Reputation: 3788
In R, you can define an arbitrary integer sequence using :
, e.g.
a = c(1:3, 12:14)
print(a)
## 1 2 3 12 13 14
I'm looking for a way to do the inverse operation, e.g. given a vector of integers I want to produce a character (or character vector) that collapses the integer sequence(s) to the equivalent expressions using :
, e.g.
some_function (a)
## "1:3" "12:14"
Bonus if the stride can be detected, e.g. c(1, 3, 5)
becomes "1:2:5"
or something like that.
Motivation: generate an integer sequence in R based on some data manipulation to identify database row selection, and pass the most concise representation of that sequence to an external program in the proper format.
Upvotes: 1
Views: 80
Reputation: 79338
We can be able to take into consideration the rle
of the differences and paste the range
together taking into consideration the sequence distance.
fun=function(s){
m=c(0,diff(s))
b=rle(m)
b$values[b$lengths==1&b$values!=1]=0
l=cumsum(!inverse.rle(b))
d=function(x)paste0(range(x[,1]),
collapse = paste0(":",unique(x[-1,-1]),":"))
f=c(by(cbind(s,m),l,d))
sub("::.*","",sub(":1:",":",f))
}
fun(c(1,1:3,12:14,c(1,3,5)))
1 2 3 4
"1" "1:3" "12:14" "1:2:5"
fun(c(1, 3, 5, 8:10, 14, 17, 20))
1 2 3
"1:2:5" "8:10" "14:3:20"
fun(1)
1
"1"
Upvotes: 1
Reputation:
Ah, nerd heaven. Here's a first shot. You could even use this for encoding within R.

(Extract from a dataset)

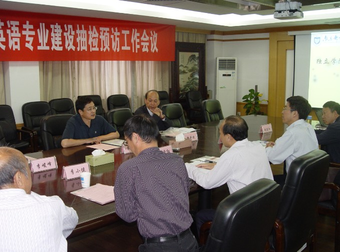 会议在三牌楼校区科学会堂第三会议室举行。评估院袁益民副院长主持会议。常务副院长周西峰首先代表学院对袁院长一行莅临完美官网指导工作表示了热烈的欢迎。随后,英语专业负责人袁周敏老师汇报了专业建设情况。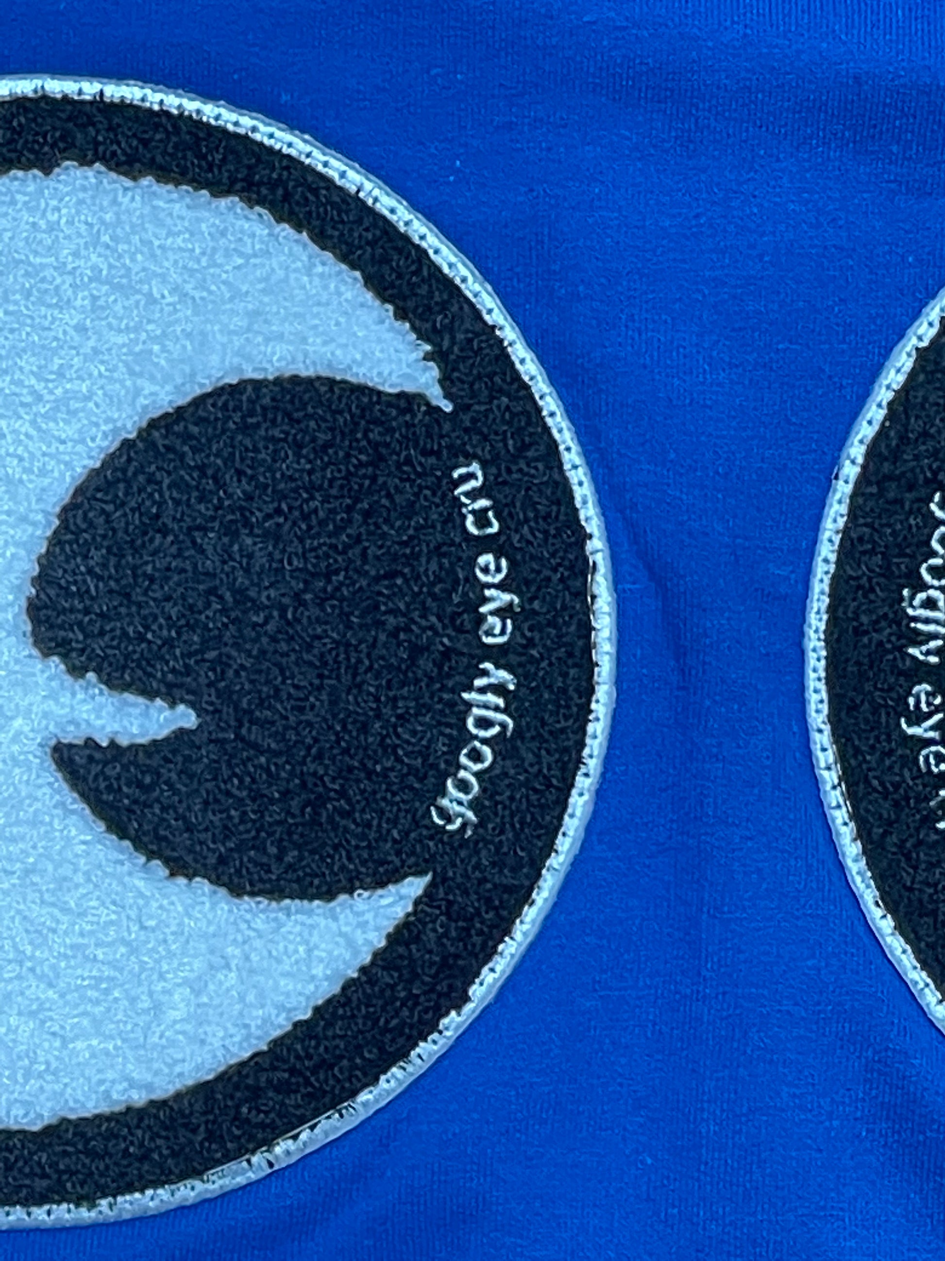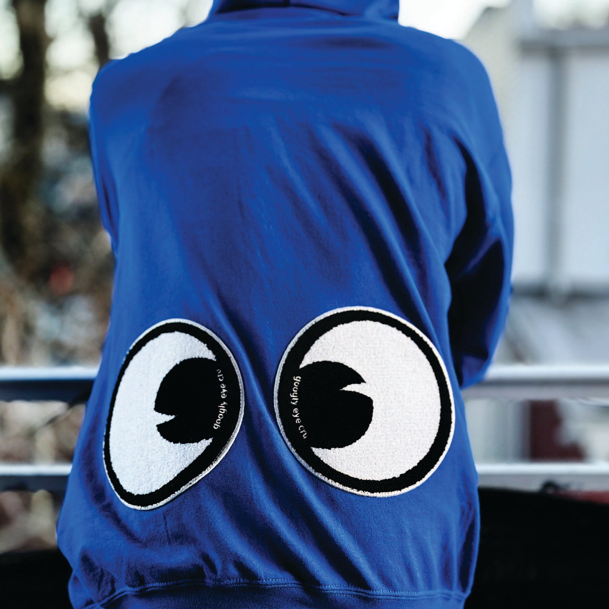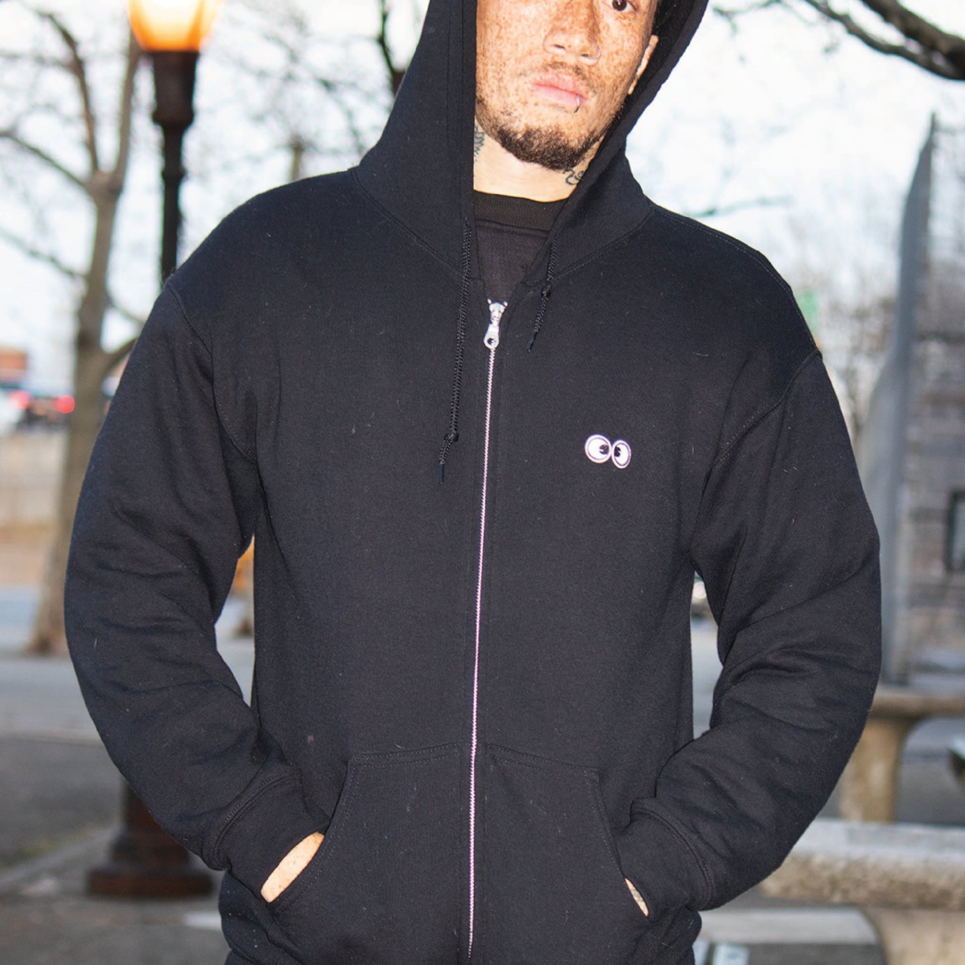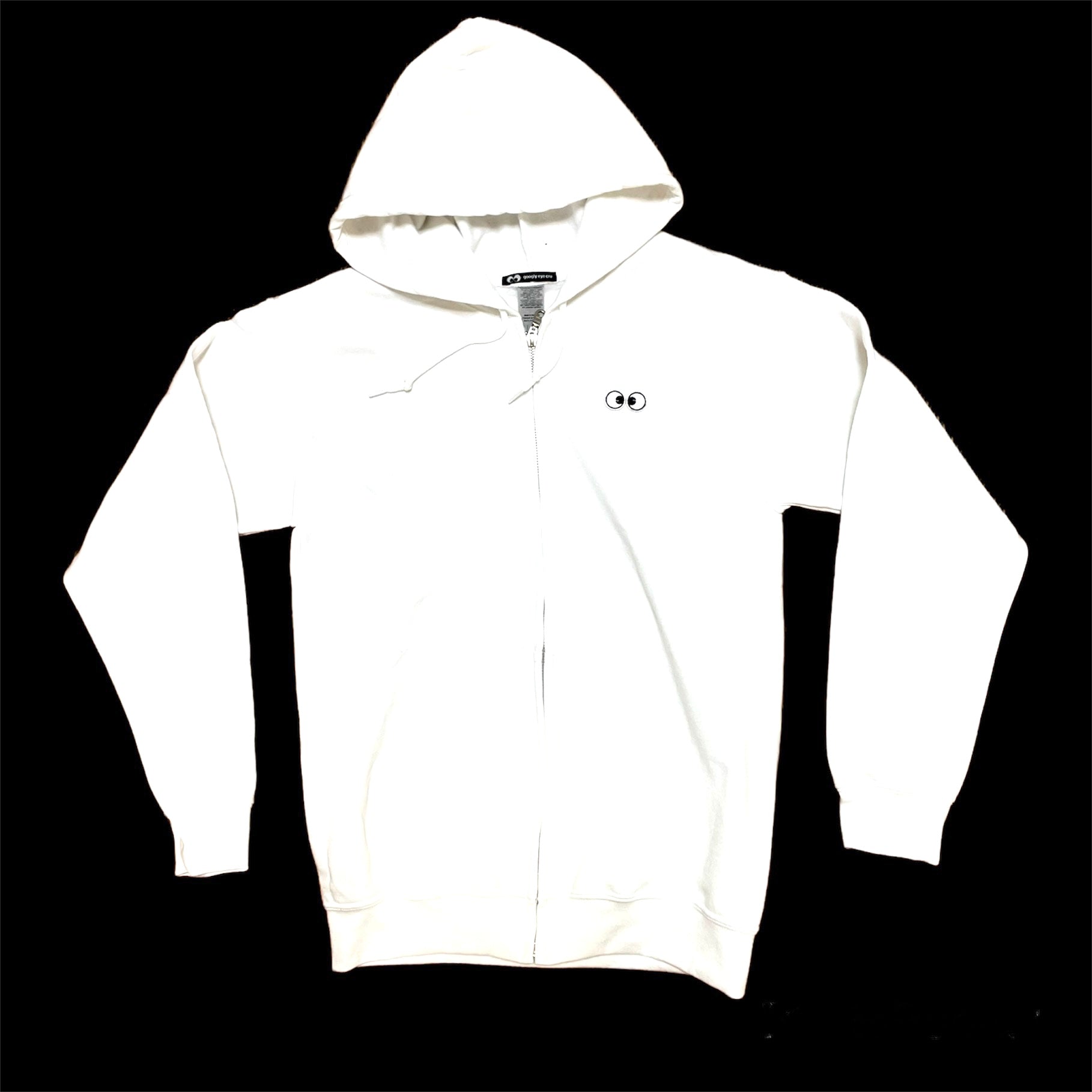 50/50 Polyester/ Cotton 8oz fleece full zip hood with googly eye embroidered transfer patches at chest and HUGE chenille eye patches at the back. The size is unisex so everyone can look googly!

Needs testing; code always prints the stride out.
encode_ranges <- function (x) {
rle_diff <- list(
start = x[1],
rled = rle(diff(x))
)
class(rle_diff) <- "rle_diff"
rle_diff
}
decode_ranges <- function (x) {
stopifnot(inherits(x, "rle_diff"))
cumsum(c(x$start, inverse.rle(x$rled)))
}
format.rle_diff <- function (x, ...) {
stopifnot(inherits(x, "rle_diff"))
output <- character(length(x$rled$values))
start <- x$start
for (j in seq_along(x$rled$values)) {
stride <- x$rled$values[j]
len <- x$rled$lengths[j]
if (len == 1L) {
start <- end + stride
next
}
end <- start + stride * x$rled$lengths[j]
output[j] <- paste(start, end, stride, sep = ":")
}
output <- output[nchar(output) > 0]
paste(output, collapse = ", ")
}
print.rle_diff <- function (x, ...) cat(format(x, ...))
encode_ranges(c(1:3, 12:14))
encode_ranges(c(1, 3, 5, 8:10, 14, 17, 20))
Upvotes: 1
Reputation: 887891
We create a grouping variable with diff
and cumsum
, then use on the group by functions to paste
the range
of values
f1 <- function(vec) {
unname(tapply(vec, cumsum(c(TRUE, diff(vec) != 1)),
FUN = function(x) paste(range(x), collapse=":")))
}
f1(a)
#[1] "1:3" "12:14"
For the second case
b <- c(1, 3, 5)
un1 <- unique(diff(c(1, 3, 5)))
paste(b[1], un1, b[length(b)], sep=":")
#[1] "1:2:5"
Upvotes: 0